7. I wrote for some other publications
This year I freelanced for the San Francisco Chronicle and Eater San Francisco!
8. I didn’t ride enough (read: any) trains
The writer Andrea Long Chu posited on a podcast that the movement and romanticism of riding on a train elicits movement of thought i.e. more inspired writing. I have to say, that sounds correct. There was only one train on my 2022 itinerary and therefore one newsletter. The theory checks out!
9. The arts returned
With all the fits and starts surrounding the return of arts events, this was the year it felt like it was really back. I saw Haim (twice), Drugdealer, Tycho and Japanese Breakfast, plus a lot of art shows.

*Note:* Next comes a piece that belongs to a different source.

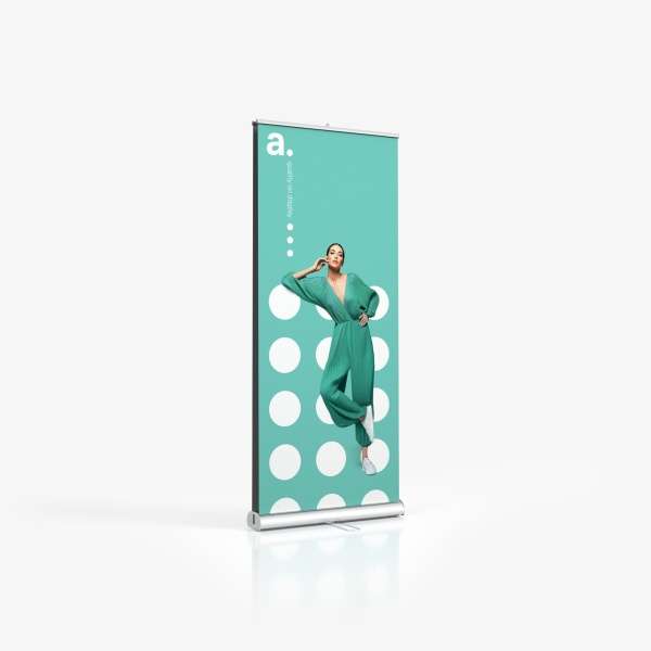 Il banner autoportante è sostenuto da una base ampia. La cassetta in alluminio è resistente e stabile. Questo rende il roll-up bifacciale efficace anche in condizioni dinamiche di fiere, dove molti potenziali clienti si muovono e si radunano intorno al tuo stand.
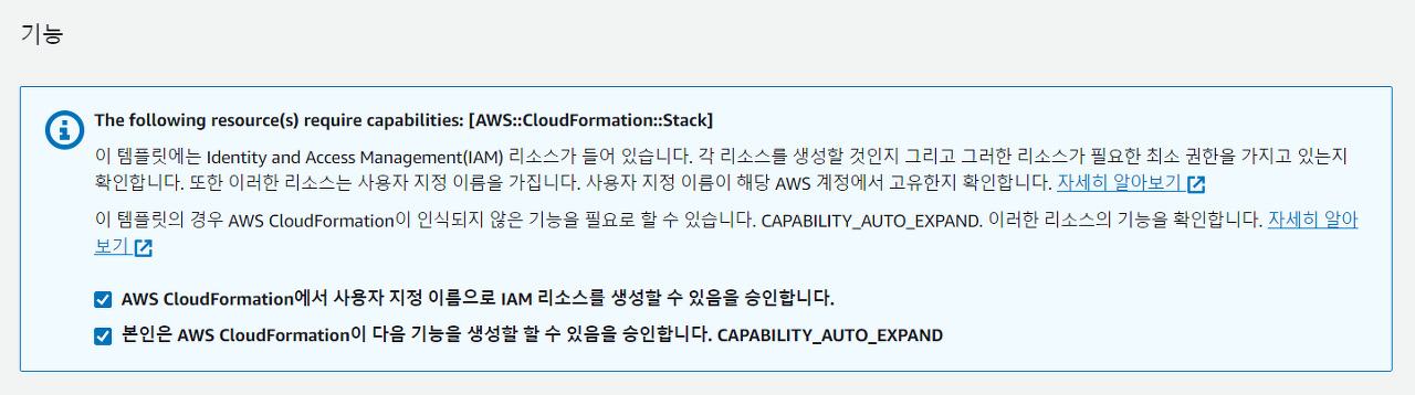 스택 이름 생성 후 모두 기본 옵션으로 두고 검토 단계에서 IAM 리소스 생성 확인 버튼을 체크합니다.

10. Squandering precious shower time
Regretfully, I’ve become one of those people who listens to podcasts in the shower. We have one of those little shower stands for your phone and it’s just so nice — in a toxic, indulgent way, of course — to be entertained while you go through the mindless motions of scrubbing yourself down. The other day my phone needed charging, so I took a regular old silent shower, and that’s when I had the idea for this post!
Thanks for reading.
Talk soon,
For a “what I didn’t accomplish” run down it does read like a great year of new experiences. I loved it
So glad to have you back! Once again, I smiled all the way through this read. Thank you!